**PROBLEM**
With images removed, transcribe each record exactly as it appears.

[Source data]
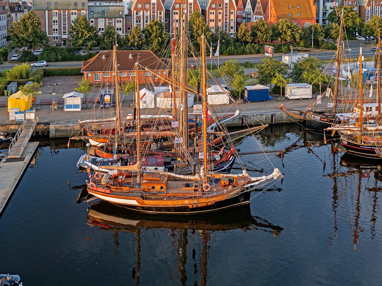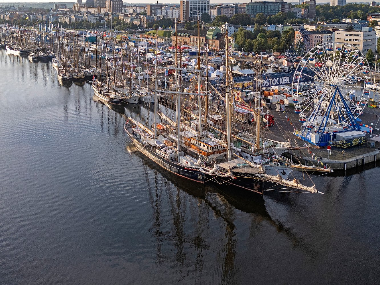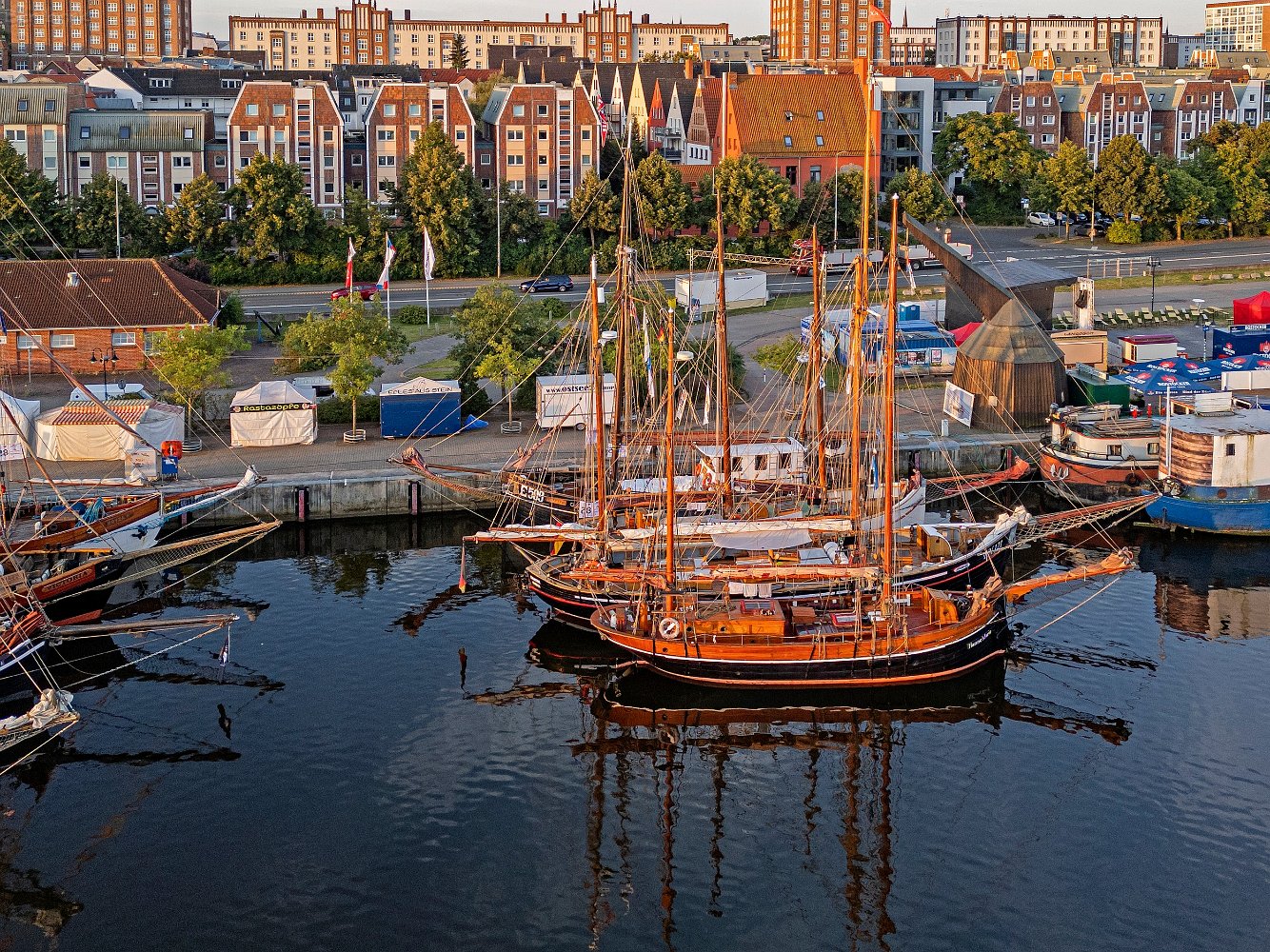 Die "schlafende Hanse Sail" zwischen 6 und 7.30 Uhr aus der Luft.
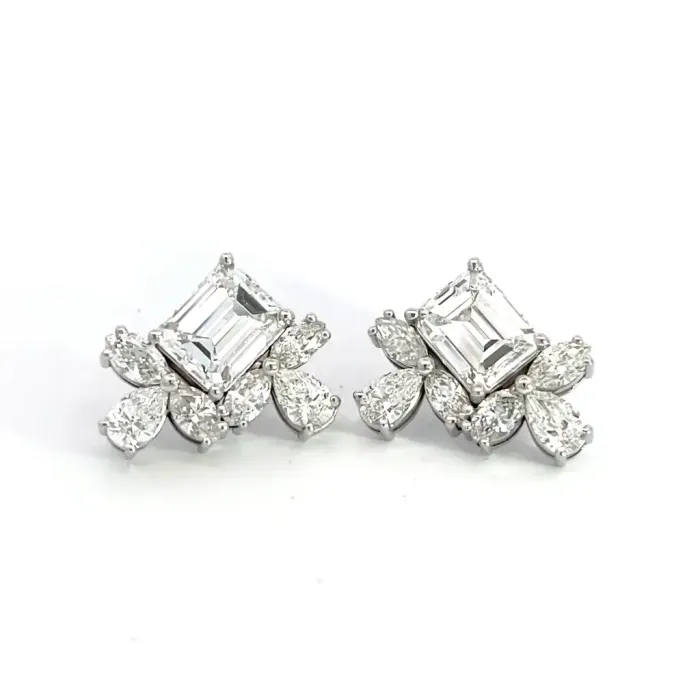 18K WG 6.13ctw Diamond Mix Shape Fashion Earrings with GIA 2231788120 Emerald 1.83 EVS1 VGGD None and GIA 5232898084 Emerald 1.97 EVS2 VGGD None and 2.33ctw Marquise and Pear DiamondsProduct Family: Earrings Metal Type: 18K White Gold Color: EF Clarity: VS Gram Weight: 6.83 Diamond Total Weight: 6.13 Stone 1: GIA 5232898084 Emerald 1.97 EVS2 VGGD None GIA Report: VIEW Stone 2: GIA 2231788120 Emerald 1.83 EVS1 VGGD None GIA Report: VIEW Gender: Women's
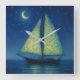Moonlit Sailboat - Pastel Painting Style Night Art Quadratische Wanduhr
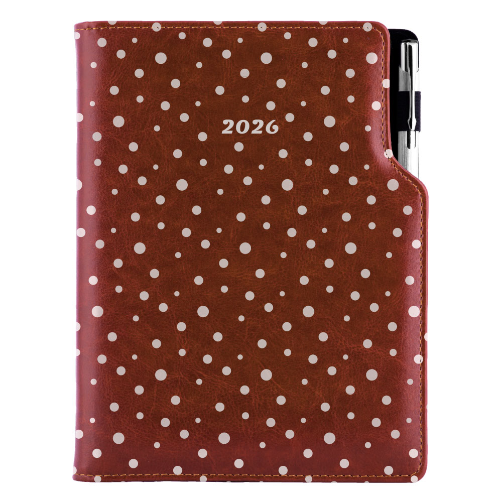 Kalendarz książkowy DESIGN tygodniowy z notesem A5 2026 - brązowy - kropki
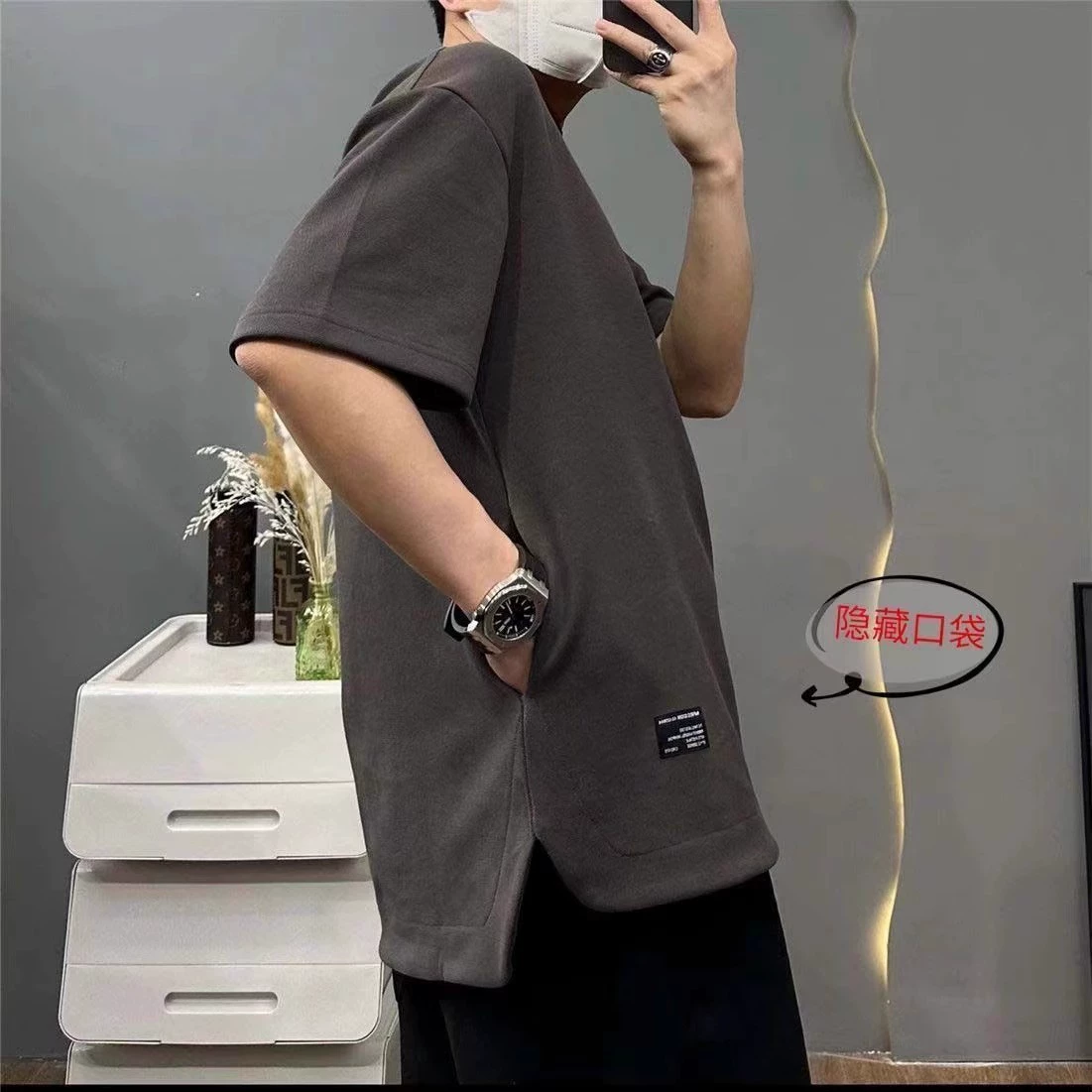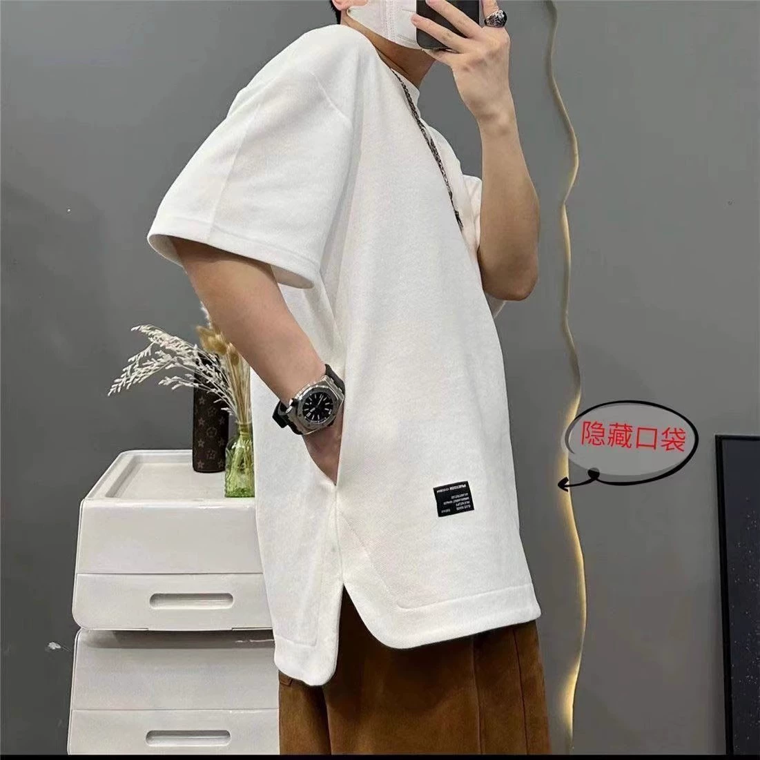 | nameOriginal | Waffle pocket breathable short sleeve trendy plus size T-shirt |
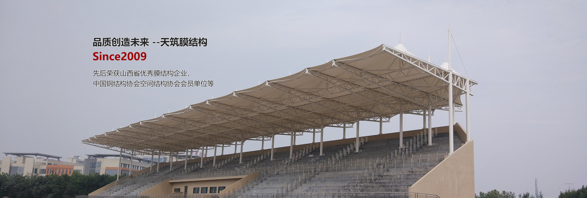 太原天筑膜結(jié)構(gòu)技術(shù)有限公司主要從事膜結(jié)構(gòu)工程的方案設(shè)計、結(jié)構(gòu)設(shè)計、靜動力計算分析、膜材的裁剪設(shè)計、膜材的加工制作安裝、鋼構(gòu)件的設(shè)計加工整體安裝及使用維護(hù),集科研開發(fā)與制作安裝為一體的科研生產(chǎn)型企業(yè)。服務(wù)范圍涉及電動車/自行車車棚、汽車停車棚、廣場公園景觀張拉膜、新能源充電樁膜結(jié)構(gòu)雨棚、體育場看臺膜結(jié)構(gòu)、加油站收費(fèi)站膜結(jié)構(gòu)大棚、表演舞臺膜結(jié)構(gòu)雨棚、廊道遮陽棚、永久性膜結(jié)構(gòu)建筑遮陽棚、污水池膜結(jié)構(gòu)封閉、充氣膜等膜結(jié)構(gòu)工程的設(shè)計、制作加工安裝、售后維修服務(wù)。公司立足太原,輻射華北、華中地區(qū)數(shù)十省,是華北地區(qū)專業(yè)性、規(guī)模型的膜結(jié)構(gòu)工程企業(yè)之一。公司成立以來,組織承建了520余項近36萬平方米的膜結(jié)構(gòu)工程……

**SOLUTION TO THE PROBLEM**
 Die "schlafende Hanse Sail" zwischen 6 und 7.30 Uhr aus der Luft.
 18K WG 6.13ctw Diamond Mix Shape Fashion Earrings with GIA 2231788120 Emerald 1.83 EVS1 VGGD None and GIA 5232898084 Emerald 1.97 EVS2 VGGD None and 2.33ctw Marquise and Pear DiamondsProduct Family: Earrings Metal Type: 18K White Gold Color: EF Clarity: VS Gram Weight: 6.83 Diamond Total Weight: 6.13 Stone 1: GIA 5232898084 Emerald 1.97 EVS2 VGGD None GIA Report: VIEW Stone 2: GIA 2231788120 Emerald 1.83 EVS1 VGGD None GIA Report: VIEW Gender: Women's
Moonlit Sailboat - Pastel Painting Style Night Art Quadratische Wanduhr
 Kalendarz książkowy DESIGN tygodniowy z notesem A5 2026 - brązowy - kropki
 | nameOriginal | Waffle pocket breathable short sleeve trendy plus size T-shirt |
 太原天筑膜結(jié)構(gòu)技術(shù)有限公司主要從事膜結(jié)構(gòu)工程的方案設(shè)計、結(jié)構(gòu)設(shè)計、靜動力計算分析、膜材的裁剪設(shè)計、膜材的加工制作安裝、鋼構(gòu)件的設(shè)計加工整體安裝及使用維護(hù),集科研開發(fā)與制作安裝為一體的科研生產(chǎn)型企業(yè)。服務(wù)范圍涉及電動車/自行車車棚、汽車停車棚、廣場公園景觀張拉膜、新能源充電樁膜結(jié)構(gòu)雨棚、體育場看臺膜結(jié)構(gòu)、加油站收費(fèi)站膜結(jié)構(gòu)大棚、表演舞臺膜結(jié)構(gòu)雨棚、廊道遮陽棚、永久性膜結(jié)構(gòu)建筑遮陽棚、污水池膜結(jié)構(gòu)封閉、充氣膜等膜結(jié)構(gòu)工程的設(shè)計、制作加工安裝、售后維修服務(wù)。公司立足太原,輻射華北、華中地區(qū)數(shù)十省,是華北地區(qū)專業(yè)性、規(guī)模型的膜結(jié)構(gòu)工程企業(yè)之一。公司成立以來,組織承建了520余項近36萬平方米的膜結(jié)構(gòu)工程……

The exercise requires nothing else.